OPTIMIZING GPT AND INDOBERT FOR SENTIMENT ANALYSIS AND CONSUMER TREND PREDICTION ON LAZADA PRODUCT REVIEWS

Arif Fitra Setyawan, Rozaq Isnaini Nugraha

Abstract


Sentiment analysis has become a vital approach in understanding customer opinions through textual reviews. One of the primary challenges in sentiment classification lies in class imbalance, where positive reviews often dominate the dataset. This imbalance causes machine learning models to be biased toward the majority class and underperform in detecting minority sentiments.

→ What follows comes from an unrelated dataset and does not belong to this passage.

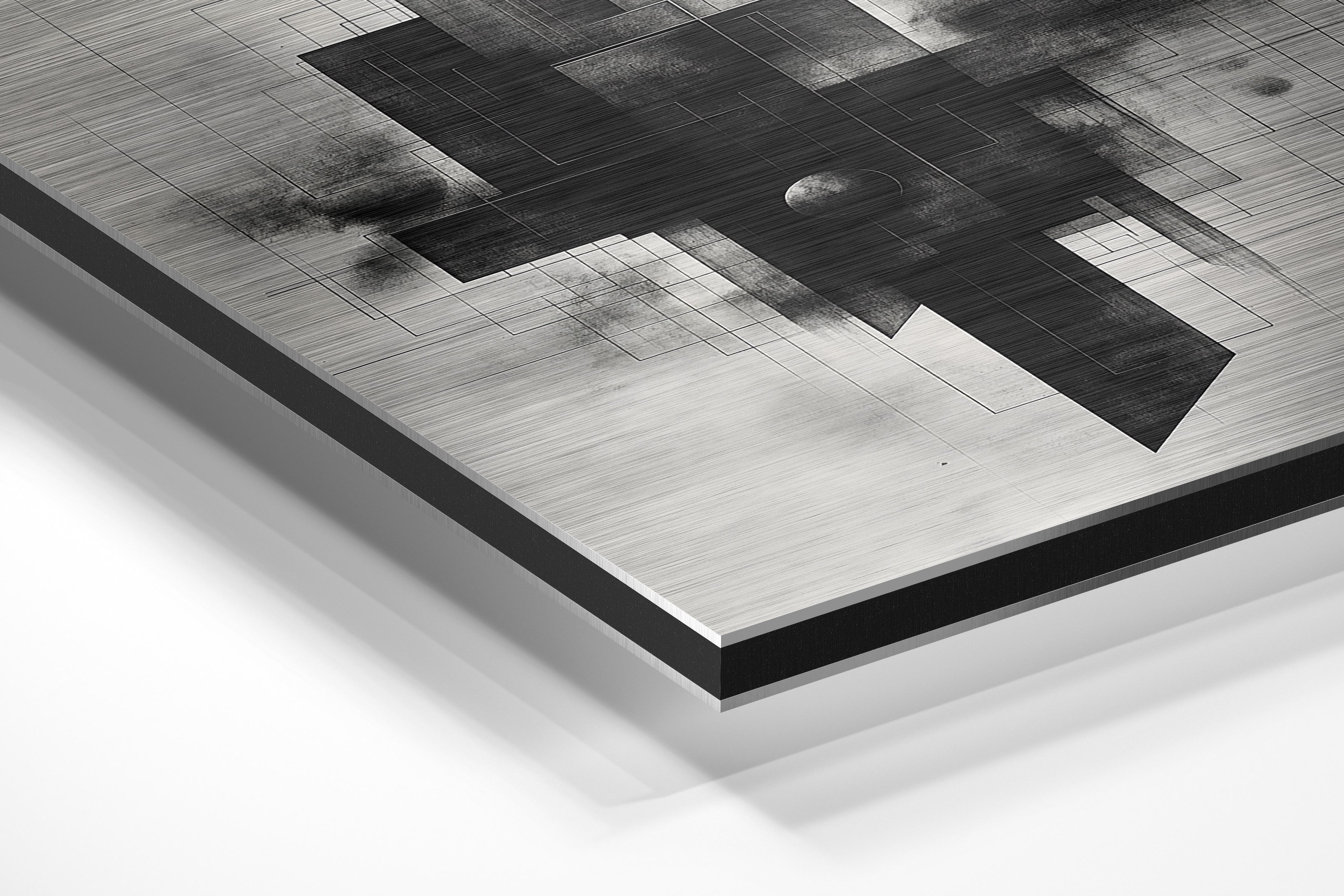 - Brushed Aluminum, on the other hand, features a raw metallic texture with visible brush strokes. Whites and highlights in your image let the silver surface show through, adding a dramatic, shimmering effect. Ideal for black-and-white images, minimalist designs, or abstract art, it creates a bold, industrial vibe with a modern edge.

To address this issue, this study applies the Synthetic Minority Oversampling Technique (SMOTE) and evaluates the performance of two Transformer-based models: Generative Pre-trained Transformer (GPT) as a baseline and IndoBERT as the primary model. The dataset consists of 12,704 product reviews from Lazada, obtained from the Kaggle platform, and is categorized into three sentiment classes (positive, neutral, negative). The data was split into 80% for training and 20% for testing. After preprocessing and applying SMOTE for data balancing, the fine-tuned IndoBERT model achieved the best performance with an accuracy of 88%, significantly outperforming GPT, which yielded only 47% accuracy in a zero-shot setting. These findings highlight the critical role of addressing data imbalance and selecting context-aware models for improving sentiment classification accuracy in Indonesian language texts

Full Text:

PDF

References


R. M. R. W. P. K. Atmaja and W. Yustanti, “Analisis Sentimen Customer Review Aplikasi Ruang Guru Dengan Metode BERT (Bidirectional Encoder Representations from Transformers),” J. Emerg. Inf. Syst. Bus. Intell., vol. 2, no. 3, pp. 55–62, 2021, doi: 10.26740/jeisbi.v2i3.41567.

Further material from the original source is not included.